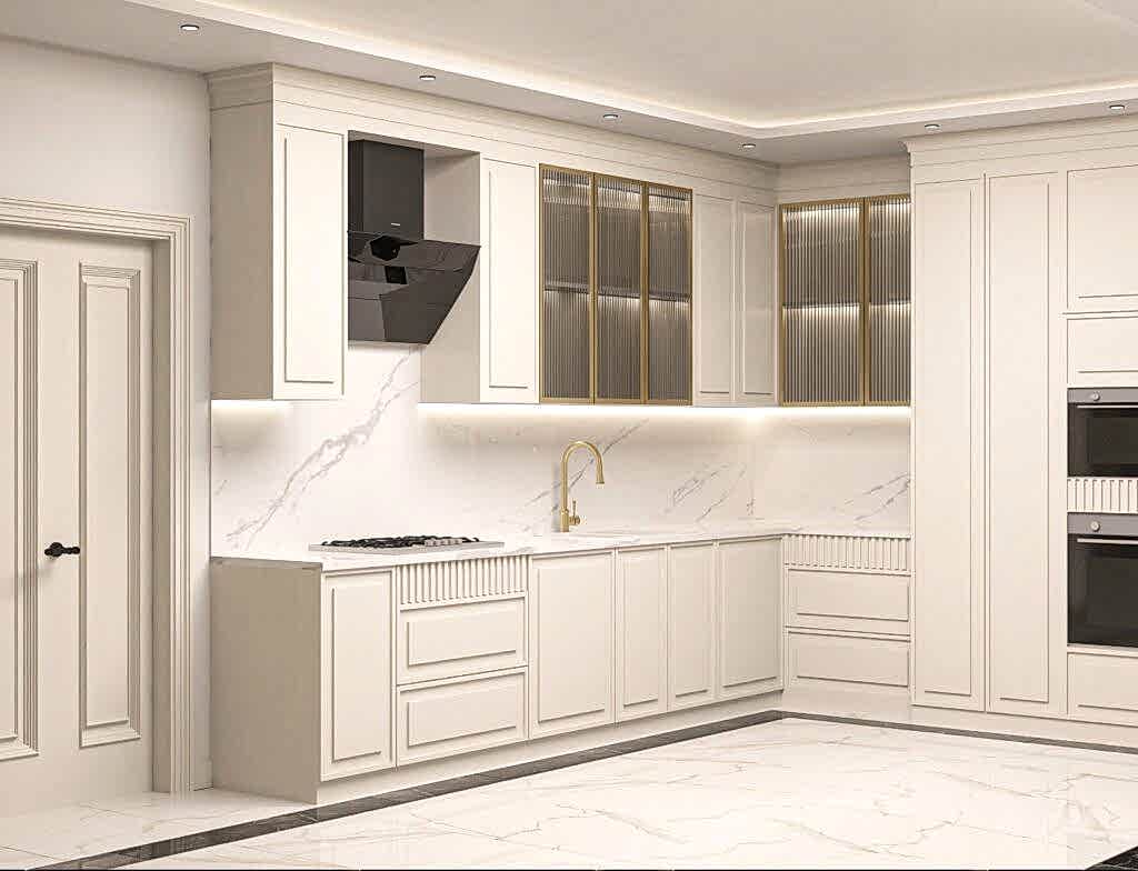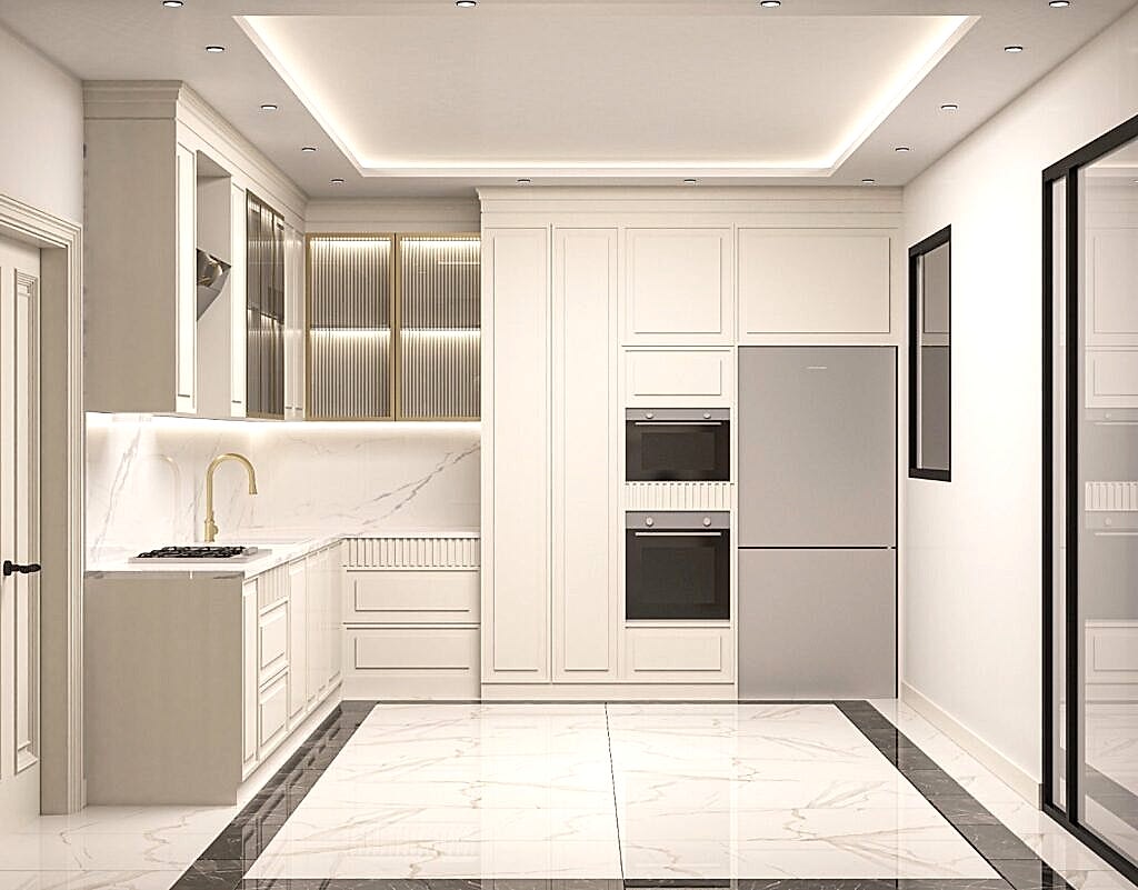 Projede tercih ettiğimiz lake boyalı mutfak dolapları, mekâna hem pürüzsüz hem de premium bir görünüm kazandırırken; mermer görünümlü cam yüzeyler, CNC işlemeli kapak detayları ve boy dolap uygulamaları ile güçlü bir tasarım dili oluşturduk. Tüm bu malzeme ve detaylar bir araya gelerek mutfakta dengeli, şık ve zamansız bir atmosfer ortaya çıkardı.
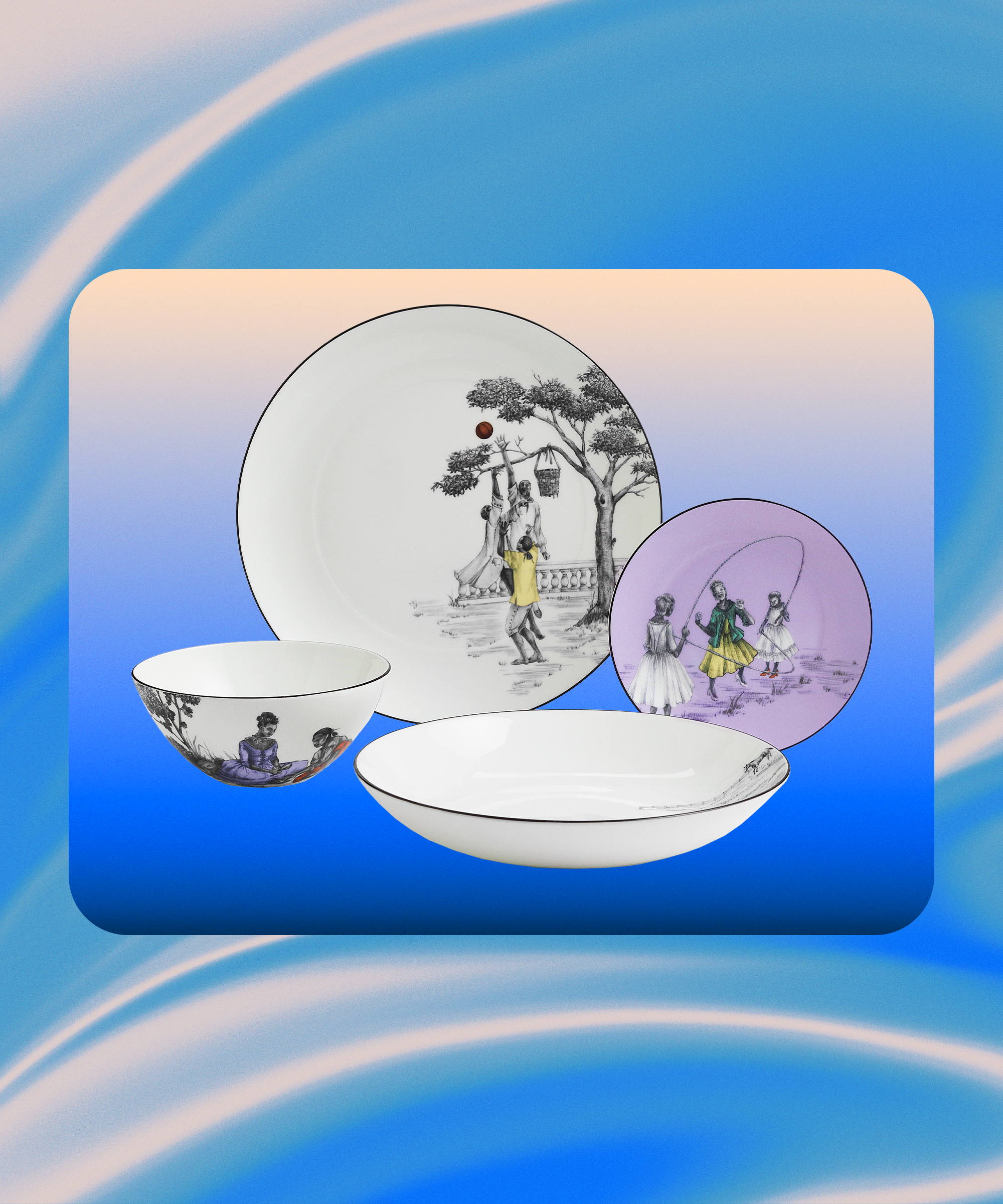 This imaginative set fuses art and function, featuring playful illustrations from the Harlem Toile de Jouy collection. Each plate and bowl tells a unique story through vibrant, fantastical designs. Guaranteed to spark conversation, it’s perfect for the host who believes a table setting should be as captivating as the company around it.
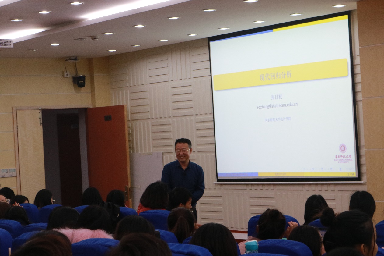 2018年12月13日(周四)16:00,华东师范大学统计学院张日权教授为彩民之家 师生进行了一场以“现代回归分析(综述)”为主题的学术报告会。报告会在旭日楼418教室举行。 首先,张教授以空气污染对呼吸疾病的影响作为例子引出回归分析的来历,应用统计方法来将定性研究转向定量研究,介绍了常用的统计方法——回归模型,来研究变量之间相关关系。 接下来张院长着重介绍了几种传统和新型的回归模型,详细介绍了其建模过程,其中重点介绍了变系数部分线性模型(Varying-Coefficient Partially Linear Regression Model),该模型由张院长于2008年研究莺落峡水流的时候提出,指出进水量与放水量存在非线性关系,放水量同时也会受温度和湿度的线性影响。 其次,张院长针对三类不同的模型分别介绍其对应的估计方法。参数模型——常用的估计方法有最小二乘法、极大似然方法;非参数模型——对于存在位置函数的模型可使用泰勒展开式进行线性估计,也可以应用傅里叶基进行函数展开来估计;半参数模型——通过固定位置参数,转化为参数模型进行估计。

Work required ▸ From the material above, output every line exactly as written, dropping any picture.

Result of the task ▸
 Projede tercih ettiğimiz lake boyalı mutfak dolapları, mekâna hem pürüzsüz hem de premium bir görünüm kazandırırken; mermer görünümlü cam yüzeyler, CNC işlemeli kapak detayları ve boy dolap uygulamaları ile güçlü bir tasarım dili oluşturduk. Tüm bu malzeme ve detaylar bir araya gelerek mutfakta dengeli, şık ve zamansız bir atmosfer ortaya çıkardı.
 This imaginative set fuses art and function, featuring playful illustrations from the Harlem Toile de Jouy collection. Each plate and bowl tells a unique story through vibrant, fantastical designs. Guaranteed to spark conversation, it’s perfect for the host who believes a table setting should be as captivating as the company around it.
 2018年12月13日(周四)16:00,华东师范大学统计学院张日权教授为彩民之家 师生进行了一场以“现代回归分析(综述)”为主题的学术报告会。报告会在旭日楼418教室举行。 首先,张教授以空气污染对呼吸疾病的影响作为例子引出回归分析的来历,应用统计方法来将定性研究转向定量研究,介绍了常用的统计方法——回归模型,来研究变量之间相关关系。 接下来张院长着重介绍了几种传统和新型的回归模型,详细介绍了其建模过程,其中重点介绍了变系数部分线性模型(Varying-Coefficient Partially Linear Regression Model),该模型由张院长于2008年研究莺落峡水流的时候提出,指出进水量与放水量存在非线性关系,放水量同时也会受温度和湿度的线性影响。 其次,张院长针对三类不同的模型分别介绍其对应的估计方法。参数模型——常用的估计方法有最小二乘法、极大似然方法;非参数模型——对于存在位置函数的模型可使用泰勒展开式进行线性估计,也可以应用傅里叶基进行函数展开来估计;半参数模型——通过固定位置参数,转化为参数模型进行估计。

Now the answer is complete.